Теперь, сидя за столом с мужем и сыном, фрау Бахем терзалась из-за своего высокомерия, которое раньше заставляло ее слегка презирать дочку; обед по большей части проходил в угрюмом молчании, словно живой дух семьи улетел прочь; только теперь она заметила, что действительно сердечной, зачастую до глупости пустопорожней болтовне дочери была все же присуща такая трогательная чистота, что все наслаждения мира не могли бы ее замутить. Разве это существо не росло рядом с ней, разве не родилось оно из ее лона, разве она не глядела на него двадцать пять лет, чтобы теперь, в день свадьбы, не признать, что оно осталось неизвестным и загадочным, весьма невинным и бездуховным, но таким милым, сердечным и чистым созданием. Конечно же мать содрогалась при мысли, что нет такого источника, который неустанно ищущим щупальцам зла было бы невозможно запакостить, да они любое лицо расцарапают и забросают вонючей грязью и будут любой образ дергать и рвать с адской, понапрасну растрачиваемой яростью…

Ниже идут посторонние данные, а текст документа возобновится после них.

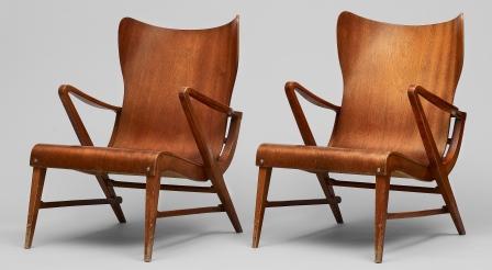 Fina fåtöljer i teak av Axel Larsson (1898-1975). Utrop 6-8 tkr.

Некоторая заурядность дочери теперь представлялась фрау Бахем в каком-то новом свете. Ей вновь и вновь казалось, будто она приблизилась к некоей цели, к некоему выводу, но потом Господь отмыкал перед ней новую загадочную кладовую, где она вновь чувствовала себя беспомощной и глупой. Да, она была глупа — зажигала лампу, когда все было залито солнечным светом, и гасила ее, когда темнота накрывала все вокруг. Но разве она не светилась доверчивой радостью здесь, в этой же комнате, в те времена, когда мрачный покров чудовищного зла еще не был наброшен на всю страну, разве она, полная надежды и радости, не оделяла тогда окружающих всей доброжелательностью, на какую была способна? И разве она не погасла, как факел, оказавшийся глухой ночью под дождем, — погасла, когда стало необходимо светить в полную силу?

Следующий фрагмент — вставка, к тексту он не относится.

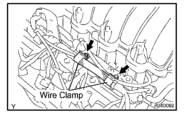 b. Disconnect the 2 wire clamps from the wire clamp bracket on the RH delivery pipe.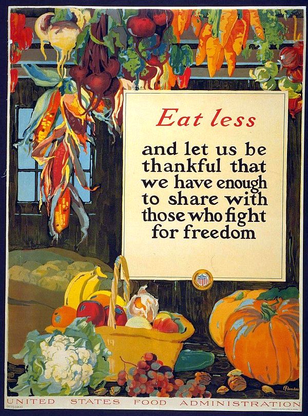 Lễ Tạ Ơn năm ấy ở Mỹ không được thịnh soạn như những lần trước. Nhiều mặt hàng vắng bóng vì mọi người phải thắt lưng buộc bụng cho chiến tranh. Cả năm qua chính phủ kêu gọi người dân bớt ăn thịt, giảm thiểu tối đa các món cần nhiều đường, ăn nhiều rau quả và trái cây hơn. Thậm chí truyền thông nhà nước còn tung ra những khẩu hiệu như “Food will win the war” — thức ăn sẽ cho ta chiến thắng!

Нет… Мать страстно прижала ладони к груди. Она всегда помнила о том, что Господь действительно все знает и что ее ожидает обещанная лучшая жизнь после злосчастия и бед на земле. Она всегда надеялась, надеялась и еще раз надеялась. О Боже, как же сильно она потеряла себя во мраке безутешного горя, ей необходимо вновь зажечь в своей душе пламя надежды и найти в себе свет и тепло…
Внезапно она заметила, что за окном сгустилась тьма, и ей стало холодно стоять одной в эркере просторной комнаты. Отблески света из окон домов на противоположной стороне улицы и от уличных фонарей скупо освещали помещение. Уличный шум проникал в квартиру, нарушая царившую в ней тишину. Она слышала его с раннего утра до поздней ночи; он утихал лишь на минуты — как будто для того, чтобы передохнуть, но в этом вечернем шуме были и веселье, и утешение, да и просто радость окончания рабочего дня; доносились и резкие торопливые возгласы — люди спешили развлечься, снедаемые жаждой наслаждения любого сорта, лишь бы забыться…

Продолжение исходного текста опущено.